The Wisconsin redistricting case, Gill v. Whitford, hinged on the utility of a new measure of partisan fairness called the “efficiency gap.” It was created by Nicholas Stephanopoulos and Eric McGhee as a way to measure and compare the number of “wasted votes” cast for each political party in state legislative or congressional elections. The efficiency gap has many merits. It is simple, easy to explain and understand and easily applied to election results. It also does not get to the heart of the problem of gerrymandering.
The Court pointed out that the efficiency gap is an aggregate measure. It fails, therefore, to take into account the conditions in particular legislative districts. In some cases, votes may be wasted because voters are indeed “packed” into districts where they comprise an overwhelming majority. In others, they may be cracked among several districts so that they can never elect a candidate of their choice. Both of these practices were employed at the expense of minority voters during one of its darker periods of racial discrimination.
But, partisan votes are different. In some cases, it may appear that votes are wasted because an incumbent is so popular that she scares off any partisan opposition. Alternatively, it may be the case that a party organization is so decrepit that it cannot field a viable opposition candidate. In some cases, it is simply not possible to draw a competitive district where votes are not wasted. In Virginia, for example, it is almost impossible to draw a majority-minority district that comports with the Voting Rights Act and that is competitive. Simply put, there is little to be gained in running a Republican candidate in a district that is designed to ensure that a minority candidate (who is also most likely to be a Democrat) is elected. As a result, the notion of “wasted votes” really is not helpful in the analysis of gerrymandering because one person’s wasted vote is another’s endorsement of a popular candidate.
Furthermore, the efficiency gap tells us little about the motivations that inform those who draw district lines. A legislative district map that meets all notions of aesthetics can have the same efficiency gap measure as a map that looks like a Rorschach test. Simply aggregating votes across a state does not tell us whether and how the organization of the electorate contributes to or against an unfair electoral system.

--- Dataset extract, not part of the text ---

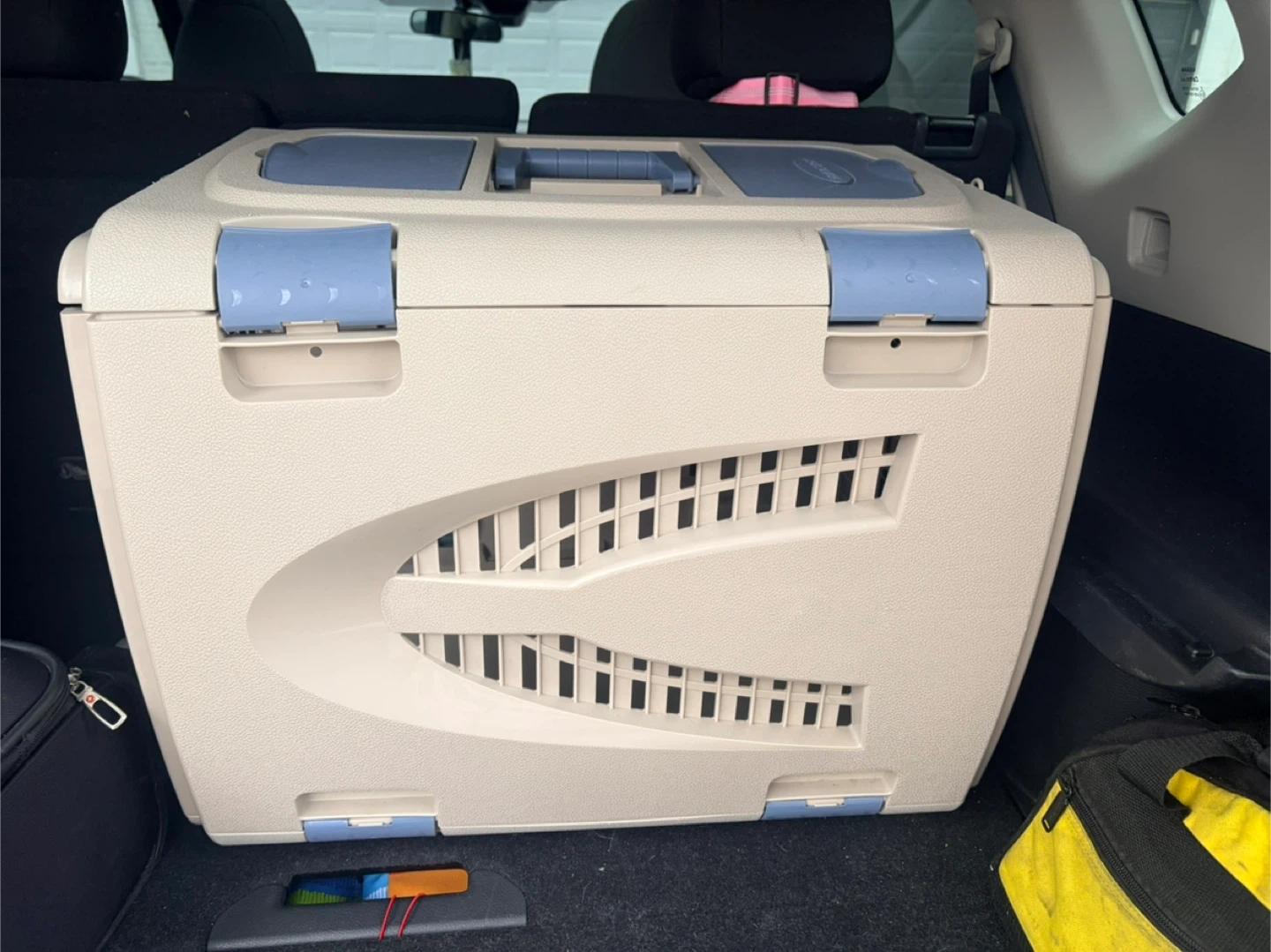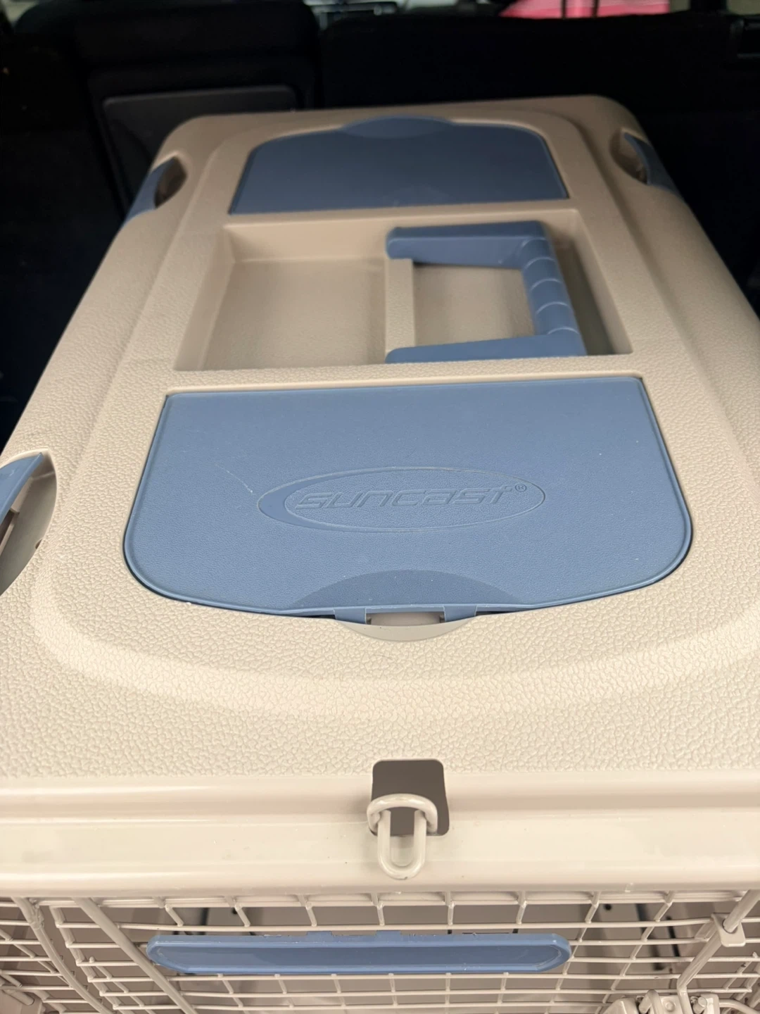 Durable beige and blue plastic pet carrier. Features a secure latching door and ventilation on the sides. It's great for travelling with your furry friend! Medium size

In the end, the Supreme Court has told lawyers and academics to do their homework better. Statewide measures of vote counts are simplistic and ignore important details about how voters vote. We are not a bunch of ciphers that enter the polls on Election Day and automatically pull the Democratic or Republican lever. We think about who the candidates are and how candidates that bear the same party label can differ radically in their positions on the issues. Accordingly, a vote may be in favor of one candidate or against another. It is therefore nonsensical to compare partisan votes cast in one legislative district to those cast in another.
In challenging lawyers and political scientists to undertake much more extensive analysis of how voters vote in our electoral system, the Court also invited them to prove that gerrymandering punishes voters because of their “association” (through casting a vote) with one party or the other. But, in our electoral system where we divided voters among districts in which they can choose among a limited slate of candidates, this will be an impossible task. One’s “association” with a party will depend on who the party’s candidate is—and vice versa. So long as we continue to use the antiquated single-member district system of elections, it will be impossible to tell whether a partisan vote is for or against a party or a candidate because we force voters to choose artificially between limited Election Day options.
If we really want to stop—or at least curtail—gerrymandering, we should use the Court’s decision to enact meaningful electoral reform. A switch to ranked choice voting (as Maine used in its recent election) will give voters much more meaningful choices on Election Day and handcuff those who would look to gerrymander the electoral system. The Court has invited Americans to improve the electoral choices. Will we accept and put an end to gerrymandering?
I wrote this for my Huffington Post site here.
In short, I believe we have reached the point where it is clear that our current system of elections is arguably unconstitutional. It would take a tremendous effort to take a successful constitutional challenge to the Supreme Court. But, the Court itself has planted the seeds for such a challenge throughout its case law.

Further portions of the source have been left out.